Binding Nature of Preliminary Agreements
The purpose of a preliminary agreement is to ensure conclusion of the main contract. Therefore, it is important that the preliminary agreement is binding. The validity of the preliminary agreement means that the parties undertake to conclude the main contract subject to the conditions agreed in the preliminary agreement, and to continue negotiations in respect of open issues until the main contract can be concluded.
The preliminary agreement can be made binding on either party or both parties. Mutual preliminary agreements are suitable for situations where the parties have not reached agreement on all details, but nevertheless wish to commit themselves to concluding the main contract in the near future.
If a party breaches the preliminary agreement, and does not, for instance, conclude the main agreement despite an agreement to such effect in the preliminary agreement, the other party may require conclusion of the main agreement, specific performance of the contract, or compensation for costs relating to the negotiations. The parties may also agree, in the preliminary agreement, on a contractual penalty payable by the breaching party to the other party.
As a last resort, it is possible to request a courts order for specific performance of the main contract. This, however, requires that the obligations of the parties have been defined in the preliminary agreement to a sufficient degree. In case the main performance obligation is not defined in the preliminary agreement, the court may take the view that the preliminary agreement does not require conclusion of the main contract. The main performance obligation refers to the essential part of the agreement, such as the object of sale in a sales agreement.
If an incomplete preliminary agreement is submitted to a court, it is possible that only the preliminary agreement is confirmed. In one case, a party requested the court to order the other party to sign a contract of sale referred to in the preliminary agreement. The court, however, was willing to confirm the validity of the preliminary agreement only, leaving the parties to conclude the open issues of the main contract or, in case the negotiations should fail, submit them to a separate court process.
Even if the preliminary agreement is binding, it does not establish any rights as contemplated in the main contract, such as rights of ownership.

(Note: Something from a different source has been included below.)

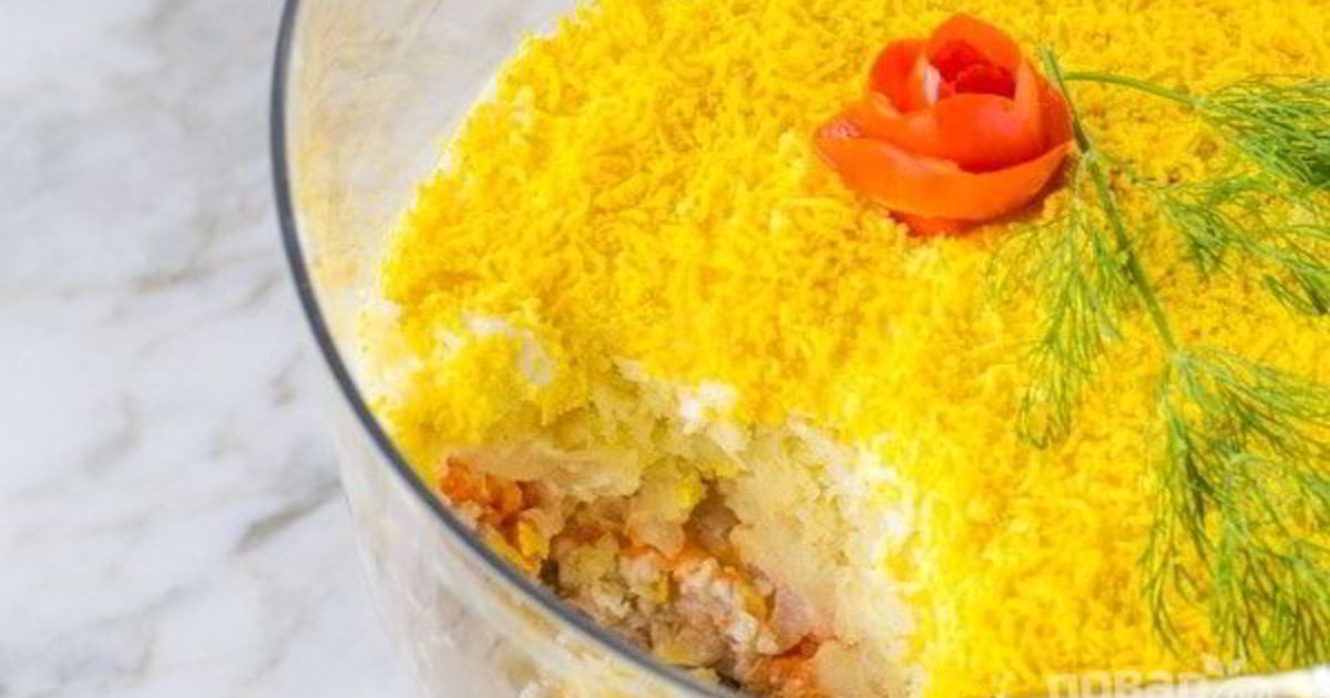 Сразу уточню, что это не тот вариант мимозы, который принято считать «классическим»( с кусочками сливочного масла и сайрой), а тот, который мой любимый.

Therefore, it is not possible to, for example, resell an object of a preliminary agreement regarding sale of the said object.
Preliminary agreements are generally binding even in the event of major changes in circumstances.

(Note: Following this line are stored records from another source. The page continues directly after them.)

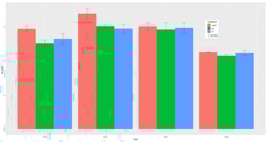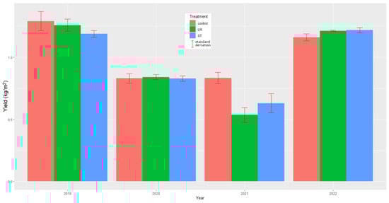 The homogeneity of variances and the distribution of the harvest results data (normality test) were checked by the Levene test and Shapiro–Wilk test, respectively, and then, as these do not meet the basic conditions for standard ANOVA, data were evaluated by Aligned Rank Transformed ANOVA [28] by 3 factors: treatment (LR, ST, and control):year (2019–2022) and cultivar (Pinot noir, Welshriesling). Where the ART–ANOVA results indicated that the expected values differed at a significance level of at least 90%, the expected values were compared pairwise using the “Aligned Ranked Transform Contrasts” test [28,29]. All of the results were analysed and evaluated using the R software package [30]. The graphs were conducted using the ggplot2 package [31].
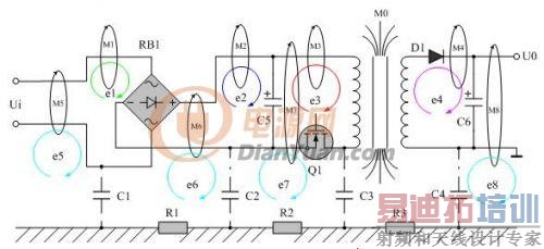 传导干扰分差模干扰DI和共模干扰CI两种。先来看看传导干扰是怎么产生的。如图1所示,回路电流产生传导干扰。这里面有好几个回路电流,我们可以把每个回路都看成是一个感应线圈,或变压器线圈的初、次级,当某个回路中有电流流过时,另外一个回路中就会产生感应电动势,从而产生干扰。减少干扰的最有效方法就是尽量减少每个回路的有效面积。
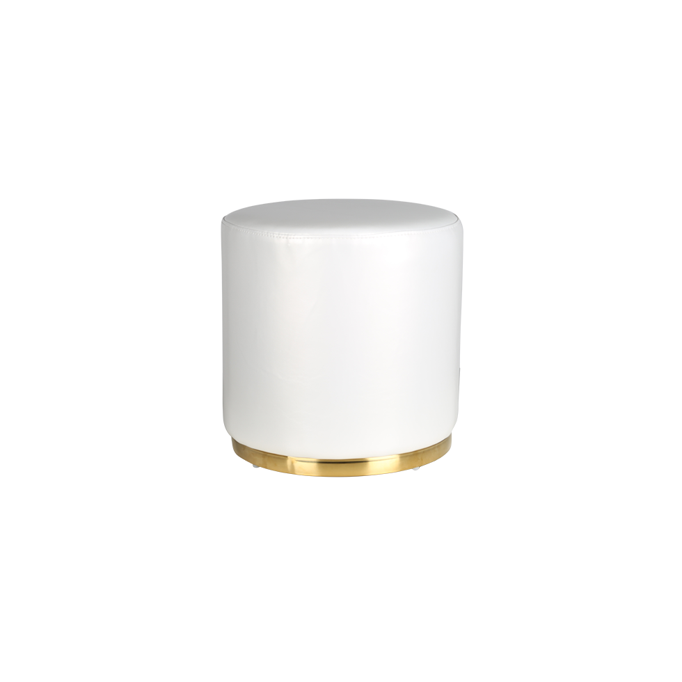 This gorgeous round ottoman is covered in richly colored leatherette and rests on a sublime gold base. Perfect for your formal event or to dress up a casual one. It looks wonderful in multiples lined up in a row or scattered about for extra seating.
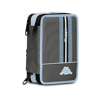 Seven Kappa School Pencil Case with 3 Compartments Multicoloured, Pen Holder, Teenagers, Children Complete Pencils, Pens, Markers …, Grey, Taglia Unica,
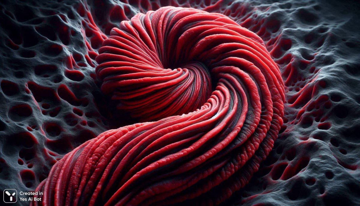 Highly detailed close-up of a vibrant red, undulating organic form resembling a twisted ribbon or alien appendage. The surface is textured with intricate patterns and subtle cracks, giving it a sense of depth and realism. It's embedded in a dark, porous stone structure with numerous small cavities. Dramatic lighting emphasizing the texture and shape, creating an unsettling yet captivating atmosphere. Macro photography, hyperrealistic rendering, octane render, 8k resolution. Inspired by H.R. Giger’s biomechanical art.
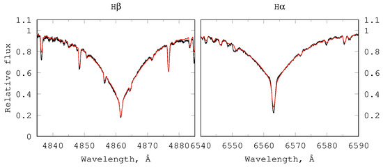 Atmospheric parameter determination was an iterative procedure for finding a model that yields the best match between synthetic spectrum and observations. As the starting parameters and , we used those of ∼A0– B9 stars obtained from the calibrations of the MKK system [34,50]. Then, within reasonable limits around these parameters, we have calculated the initial grid of helium-weak (Section 4.4) models with a hydrogen abundance of . The atmospheric model and the emergent flux were calculated with the LLmodels code [51], which employed line-by-line opacity treatment, and hence, allows to effectively account the specific opacity distribution in the chemically peculiar atmospheres. The corresponding synthetic spectra were calculated with these models using Synth3 code [52] and with the atomic data retrieved from the VALD3 database [53,54,55]. The iterative procedure also involved estimation the abundances of the few elements (e.g., He, Si, Fe, and Cr) mostly contributing to opacity, and hence, the temperature structure of the atmosphere. At each iteration, the atmospheric model and the emergent flux were recalculated, taking into account the current approximation of the chemical composition.
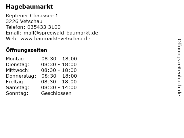 | Öffnungszeiten Hagebaumarkt in Vetschau anzeigen | |
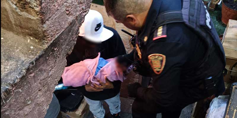 Efectivos de la Policía Bancaria e Industrial (PBI), de la Secretaría de Seguridad Ciudadana (SSC) de la Ciudad de México, en coordinación con una ambulancia, recibieron a su bebé, en calles de la alcaldía Álvaro Obregón.

A preliminary agreement may also contain conditions precedent, for example regarding obtaining of a certain license or financing or other corresponding future event. In order for the non-fulfillment of such condition to release the parties from their contractual obligations, the condition must be material and clearly observable by the other party. It is always advisable to include such conditions in the agreement.

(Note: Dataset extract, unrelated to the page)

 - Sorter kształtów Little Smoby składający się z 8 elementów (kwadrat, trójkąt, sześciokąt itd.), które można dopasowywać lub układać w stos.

The completion date of the main contract is usually set out in the preliminary agreement. If this has not been done, the main contract should be concluded within a reasonable time, if thus requested by a party. The term of the preliminary agreement should also be explicitly agreed. If neither party requests conclusion of the main contract, the preliminary agreement expires on the agreed date. If a term has not been determined, the preliminary agreement is valid for a reasonable period of time. It may be difficult to determine what constitutes a reasonable period of time. Invoking the preliminary agreement can be done informally, in other words, it may even be done orally. Continuation of negotiations may also be regarded as implied requirement to conclude the main contract.